= Records from a dataset =
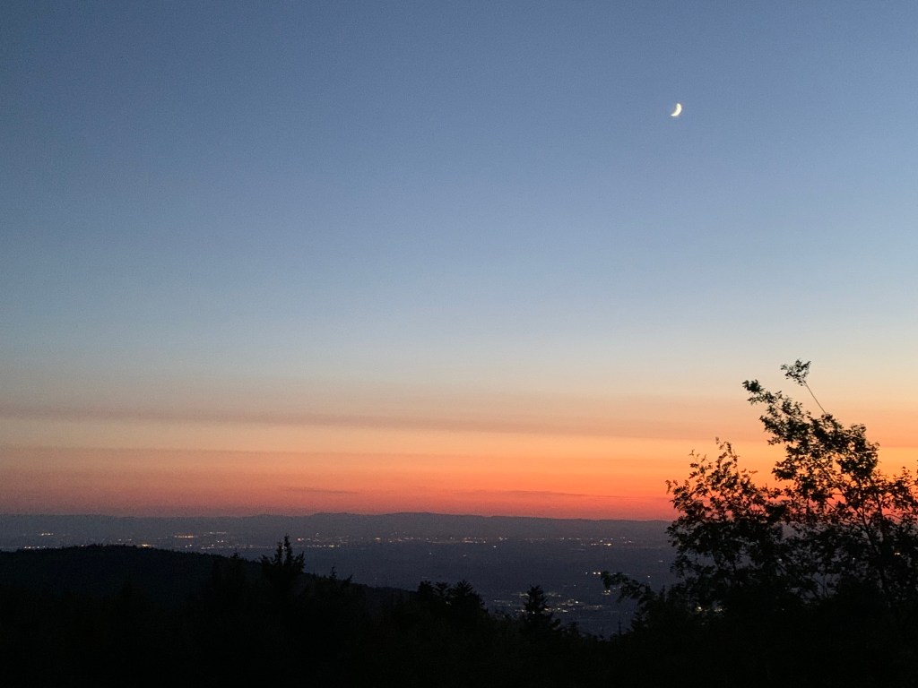 Abschließend erfreute ein kleines Hochmoor mein Herz, bevor ich in Unterstmatt einlief und auf die Wanderfamilie traf. Das Abendessen genossen wir auf der Terrasse der Unterkunft mit Blick auf Sonnenuntergang, Vogesen, Straßburg und den aufgehenden Sichelmond. Was kann es Schöneres geben?
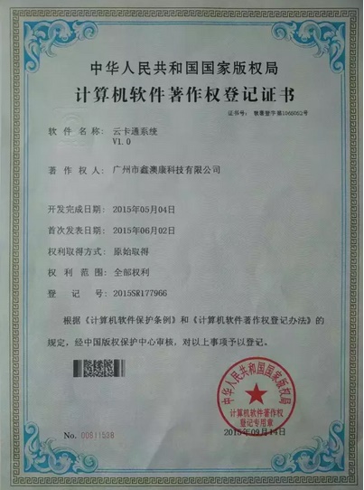 喜报:鑫澳康科技云卡通国家专利证书来啦!
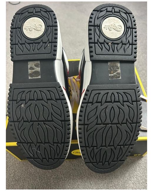 White, blue and red. Never worn. With original box. Black snakeskin overlay.
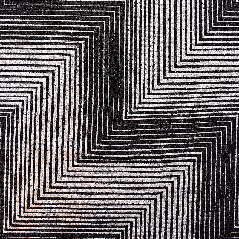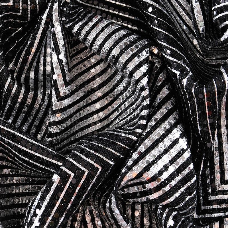 Трикотажное черное полотно серебристым геометрическим узором и деликатными прозрачными круглыми пайетками. Декор накатан на основу, поэтому будет комфортен в носке. Ткань пластичная, прекрасно драпируется и укладывается в складки, легко садится по фигуре за счёт основы с эластаном, не прозрачная, позволит шить изделия без подклада. Идеально подойдет для пошива нарядных вечерних образов: платья, юбки, топа, туники, широких брюк, жакета, кардигана.
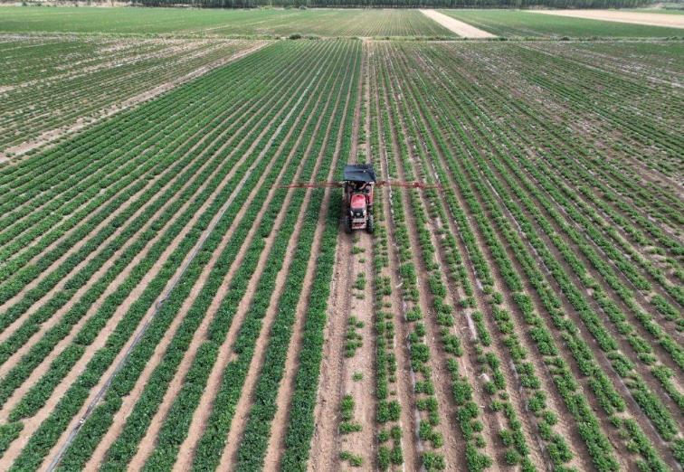 段泊嵐鎮(zhèn)趙戈莊村農民駕駛拖拉機在為花生噴灑農藥
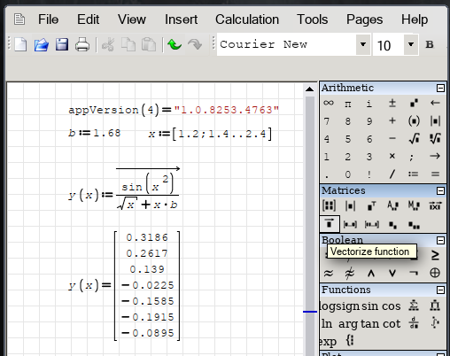 Seems to be a very old version of SMath Studio (display of ranges, round matrix brackets). May well be that the vectorize function isn't available yet in that version. You might consider upgrading or you have to use an explicit loop with for or while.
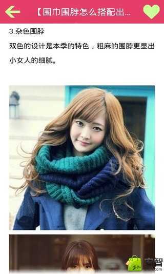 2、本软件为大家整理了最新、最潮流的围巾搭配技巧,通过本软件的学习,一定能够在这个冬天秀出不一样的你!
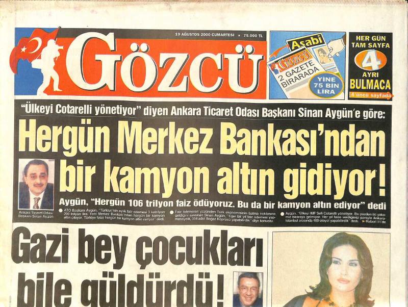 Gözcü Gazetesi 19 Ağustos 2000 - Demet Şener Kira Yerine Öpücük Veriyor - Erbakan'a Sarhoşlar Meclisi Soruşturması GZ2528, en son 18 gün önce güncellenmiştir.

= Problem =
Retype every record as it stands. None of the pictures should appear.

= Task solution =
 Abschließend erfreute ein kleines Hochmoor mein Herz, bevor ich in Unterstmatt einlief und auf die Wanderfamilie traf. Das Abendessen genossen wir auf der Terrasse der Unterkunft mit Blick auf Sonnenuntergang, Vogesen, Straßburg und den aufgehenden Sichelmond. Was kann es Schöneres geben?
 喜报:鑫澳康科技云卡通国家专利证书来啦!
 White, blue and red. Never worn. With original box. Black snakeskin overlay.
 Трикотажное черное полотно серебристым геометрическим узором и деликатными прозрачными круглыми пайетками. Декор накатан на основу, поэтому будет комфортен в носке. Ткань пластичная, прекрасно драпируется и укладывается в складки, легко садится по фигуре за счёт основы с эластаном, не прозрачная, позволит шить изделия без подклада. Идеально подойдет для пошива нарядных вечерних образов: платья, юбки, топа, туники, широких брюк, жакета, кардигана.
 段泊嵐鎮(zhèn)趙戈莊村農民駕駛拖拉機在為花生噴灑農藥
 Seems to be a very old version of SMath Studio (display of ranges, round matrix brackets). May well be that the vectorize function isn't available yet in that version. You might consider upgrading or you have to use an explicit loop with for or while.
 2、本软件为大家整理了最新、最潮流的围巾搭配技巧,通过本软件的学习,一定能够在这个冬天秀出不一样的你!
 Gözcü Gazetesi 19 Ağustos 2000 - Demet Şener Kira Yerine Öpücük Veriyor - Erbakan'a Sarhoşlar Meclisi Soruşturması GZ2528, en son 18 gün önce güncellenmiştir.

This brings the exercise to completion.